The researchers also looked at the extent to which the cell line protein profiles were correlated with drug response and how predictive protein-level data was compared to genomic and mRNA data.

Comparing protein data to mRNA data, they found that, as many proteomics researchers have suggested, protein level data was more predictive of drug response.

"Proteins show reasonably good correlation with mRNA in these cell lines, but it varies from protein to protein," Liang said. "Some show relatively high correlation across different cancer lineages, but there are other proteins, especially phosphorylated proteins, that cannot be predicted well from the messenger RNA data."

The study highlighted the link between the protein ARID1A and the MEK inhibitor trametinib as an example of a relationship apparent only at the protein level. ARID1A expression, the authors noted, "was significantly higher in [trametinib]-sensitive cell lines than resistant cell lines," while mRNA expression levels and ARID1A mutation status were not predictive of trametinib sensitivity.

To enable use of the cell line data by the broader community, Liang and his colleagues developed an online platform, the MD Anderson Cell Lines Project (MCLP) platform, that allows researchers to analyze and visualize the RPPA data.

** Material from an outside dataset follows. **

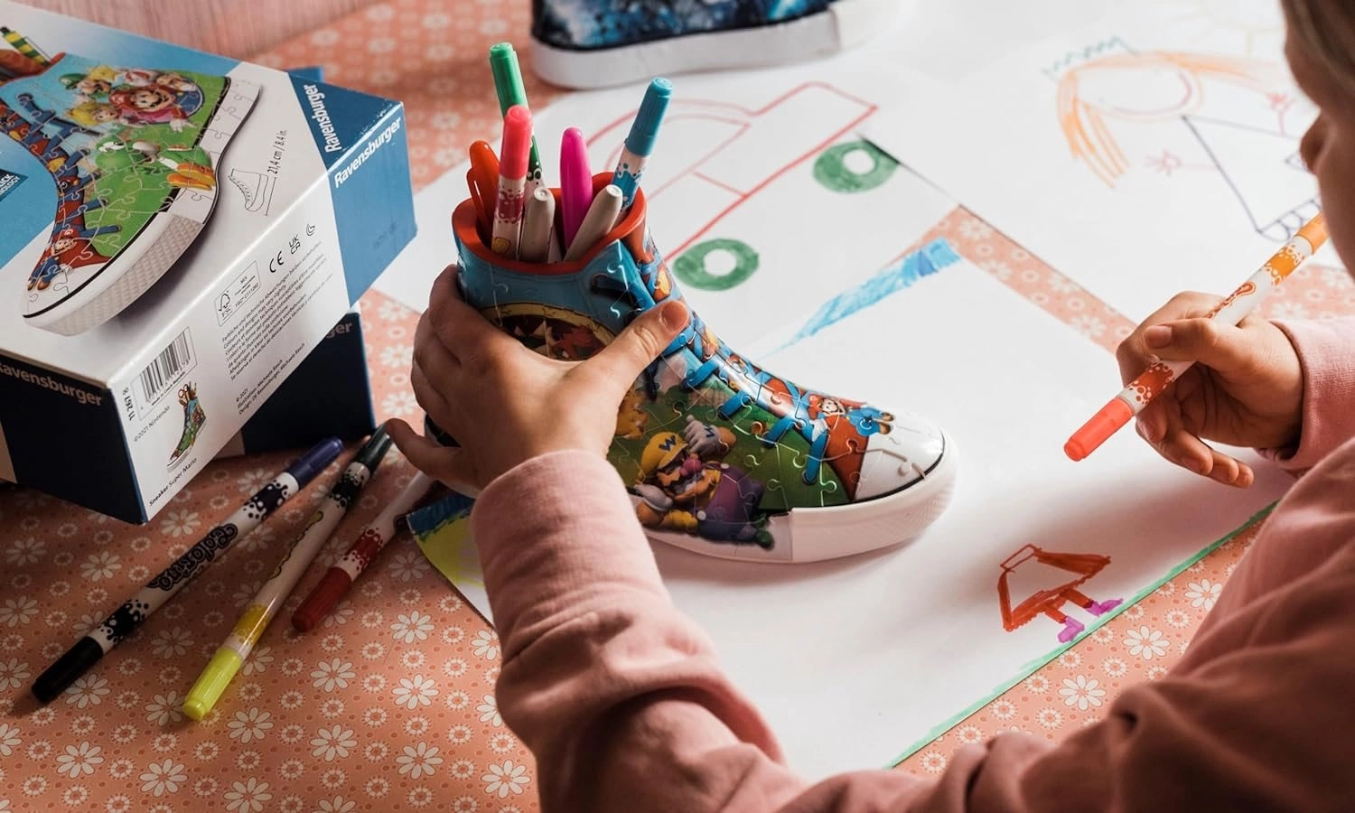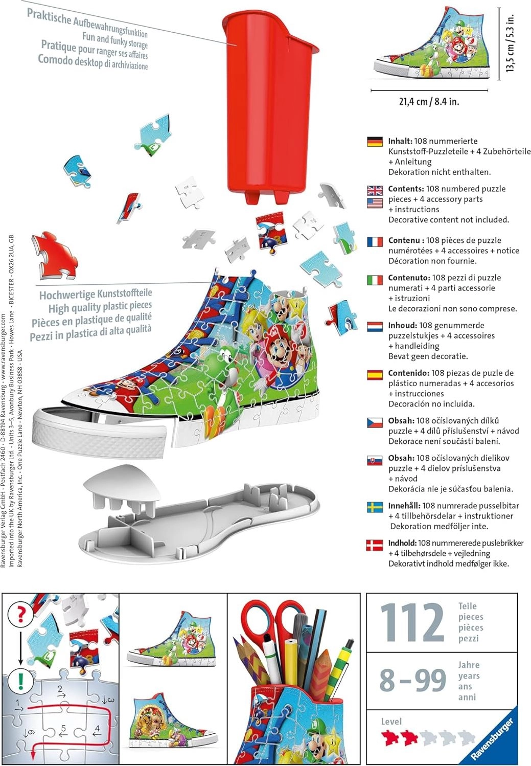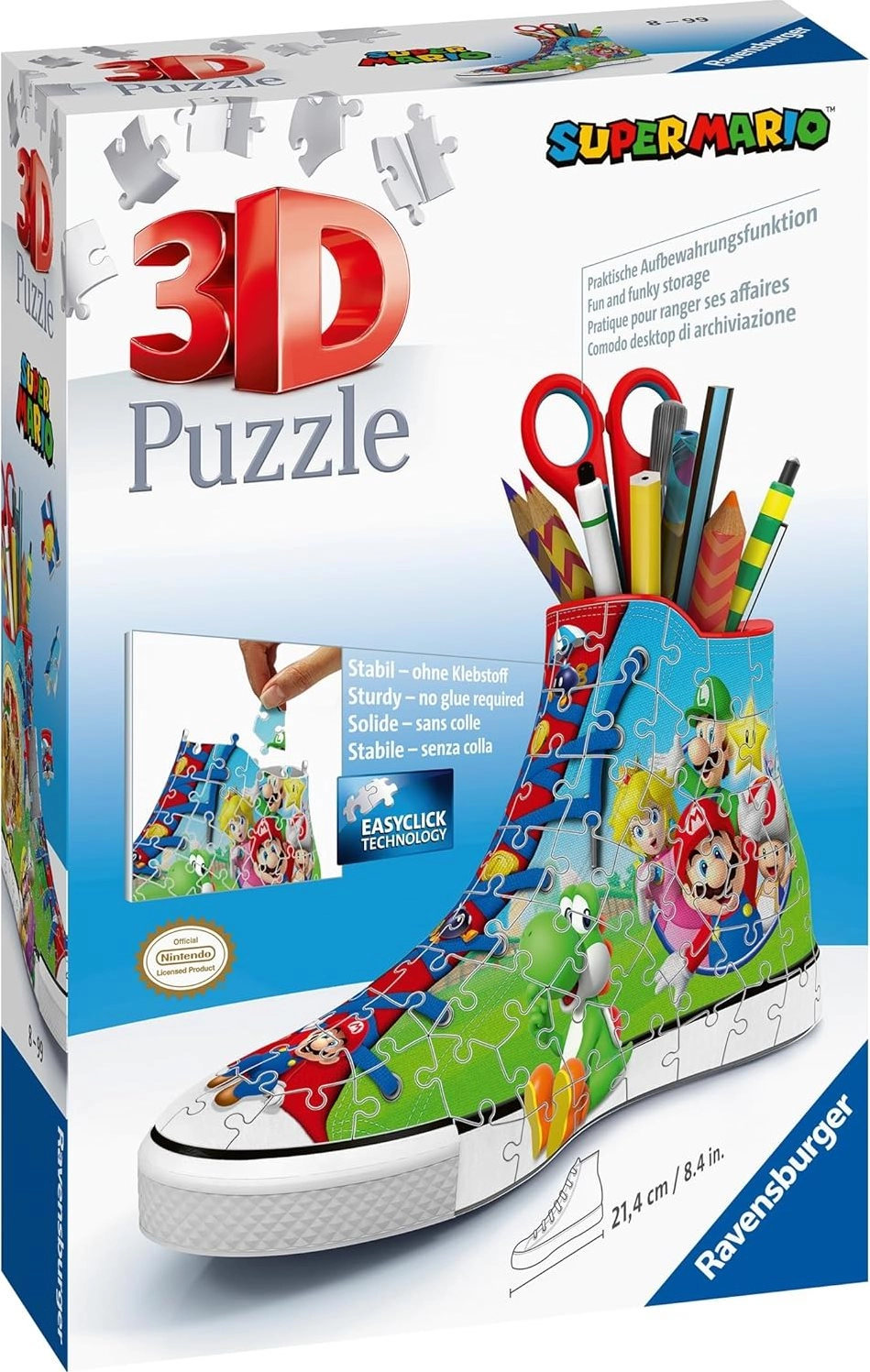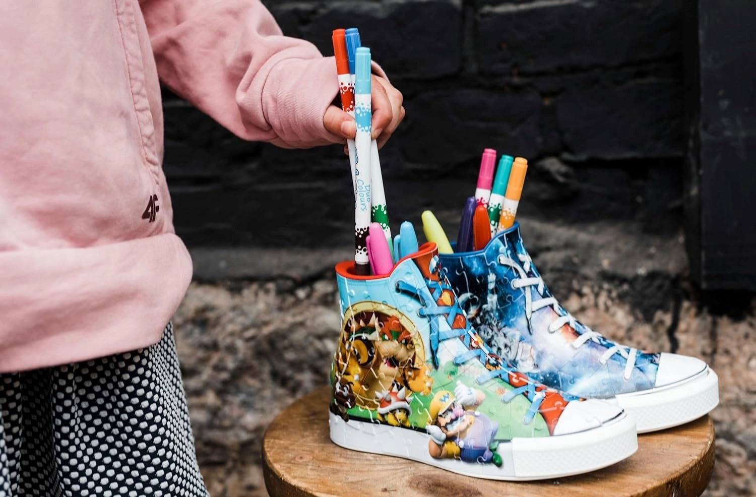 Sastavi od 108 plastičnih puzzle-dijelova ovu klasičnu tenisicu s motivom Super Marija i dobij savršenu dekoraciju za sobu! Nakon slaganja čeka te još jedan bonus: možeš je koristiti za kistove, olovke itd.

The platform consists of four modules: My Protein, which provides detailed information on proteins measured in the RPPA; Analysis, which allows researchers to explore correlations between different proteins, proteins and mutations, and proteins and drug response; Visualization, which allows users to look at protein data either as part of protein interaction networks or heatmaps; and the Data Sets module, which allows researchers to examine and download the different datasets comprising the MCLP.

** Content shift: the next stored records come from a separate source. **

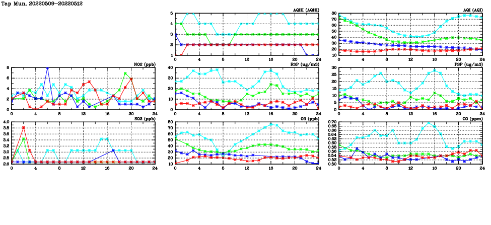 | Air Quality Data Time Series in Tap Mun (2022/05/12) | ( Line colors: Day -3 Day -2 Day -1 Current day ) | 2D Map Current AQHI |
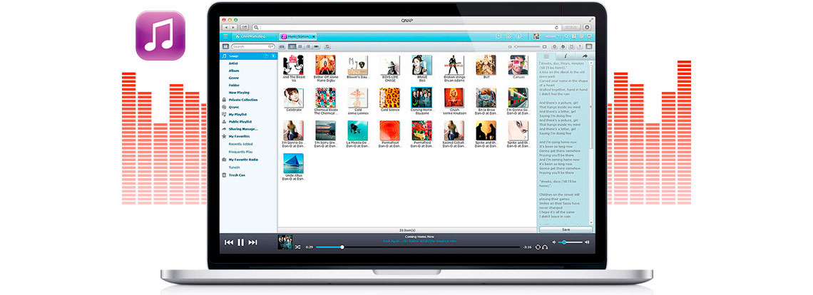 O QTS Music Station, é um aplicativo que oferece uma central de música disponível na nuvem. Com apenas alguns cliques é possível acessar e executar qualquer faixa do álbum compartilhado de músicas de qualquer lugar.
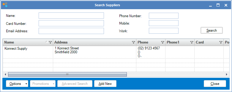 Step 2: The Search Supplier window will open. Use the fields to search for your supplier. To Edit a supplier, double click on their name.
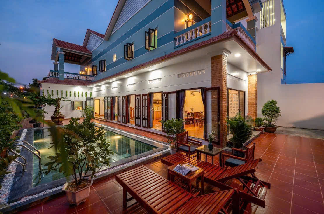 Villa được thiết kế rộng rãi với phòng khách, bếp đầy đủ tiện nghi và hồ bơi riêng. Không gian lưu trú gồm 4 phòng ngủ, trong đó có 3 phòng đôi sức chứa 4 khách mỗi phòng và 1 phòng gia đình dành cho 8 người với thiết kế 2 phòng thông nhau, tổng sức chứa tiêu chuẩn lên đến 20 khách. Ngoài ra, villa còn có khu vực nướng BBQ ngoài vườn, loa miễn phí sử dụng đến 21h và cửa hàng tạp hóa ngay sát bên, vô cùng tiện lợi cho sinh hoạt và vui chơi.
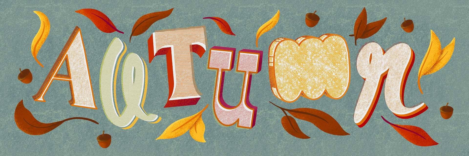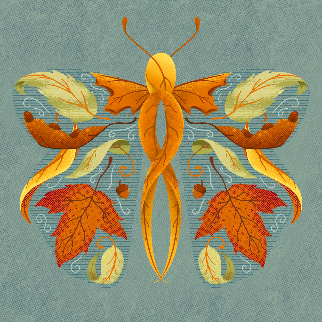 Autumn lettering and leafy butterfly illustration.
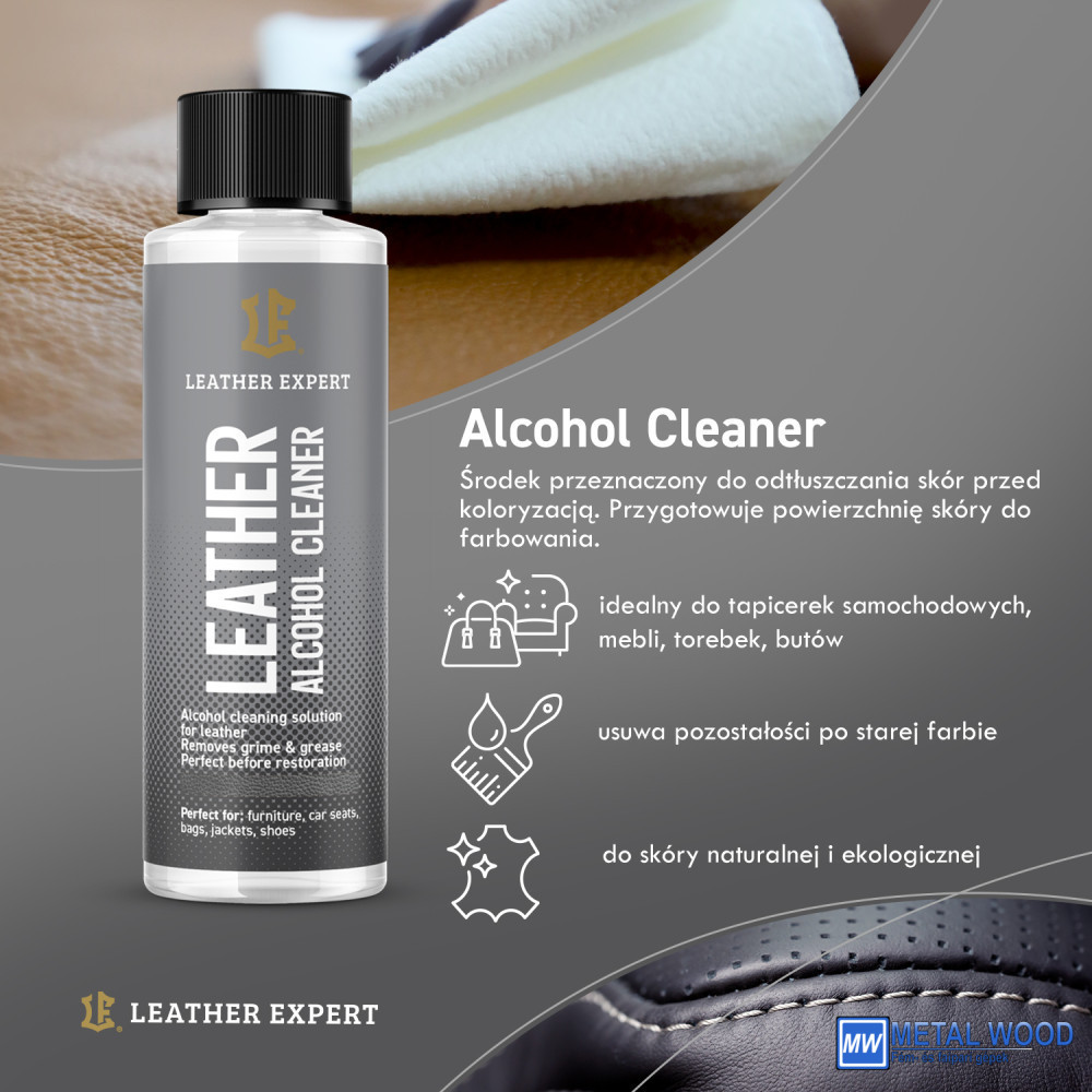 Leather Alcohol Cleaner – bőr festés előtti zsírtalanítására szolgáló szer. Eltávolítja a Leather Preparer maradékait. Ezenkívül eltávolítja a viaszokat és az olajokat a bőr felszínéről. Pontosan felkészíti a bőrt a színező kezelésre.

The MD Anderson team is now in the process of integrating this resource with the patient data resource and plan in the future to add another resource that will contain RPPA data on patient-derived xenograft (PDX) samples.

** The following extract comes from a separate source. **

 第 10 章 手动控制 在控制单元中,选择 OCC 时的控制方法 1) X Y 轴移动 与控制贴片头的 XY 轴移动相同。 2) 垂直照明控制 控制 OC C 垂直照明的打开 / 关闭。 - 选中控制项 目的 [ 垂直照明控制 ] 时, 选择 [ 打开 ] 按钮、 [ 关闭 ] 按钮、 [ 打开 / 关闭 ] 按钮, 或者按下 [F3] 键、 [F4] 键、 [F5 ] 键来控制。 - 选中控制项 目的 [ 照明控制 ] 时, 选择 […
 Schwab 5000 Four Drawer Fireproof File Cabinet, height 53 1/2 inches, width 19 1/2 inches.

"So people will be able to test their hypothesis moving from the patient cohorts to a cell line model to the PDX data," Liang said.

The MD Anderson team plans to continue adding to the resources, he said, noting that they will soon have data from more than 1,000 cancer cell lines. They currently have patient sample data from more than 8,000 patients, most of which came from work on the NCI's Cancer Genome Atlas project, for which Mills has led the proteomic characterization efforts. This patient data comprises MD Anderson's Cancer Proteome Atlas (TCPA), a database of RPPA-based analyses that Mills launched in 2013.

MD Anderson was in 2015 named the site of one of the NCI's Genome Characterization Centers. The center's GCC, which Mills heads, is focused on proteomic analysis, and RPPA analyses in particular and participates in a number of NCI initiatives including the Exceptional Responders Initiative, the ALCHEMIST precision medicine trials, the Cancer Driver Discovery Project, the Cancer Trials Support Unit, and the Cancer Therapy Evaluation Program.

This status, Liang said, provides the center with a steady flow of samples, data from which he and his colleagues plan to continue to add to their databases.

"We are going to receive a lot of samples from these sort of consortium projects, so we will continue to incorporate this new data into this proteomics resource," he said.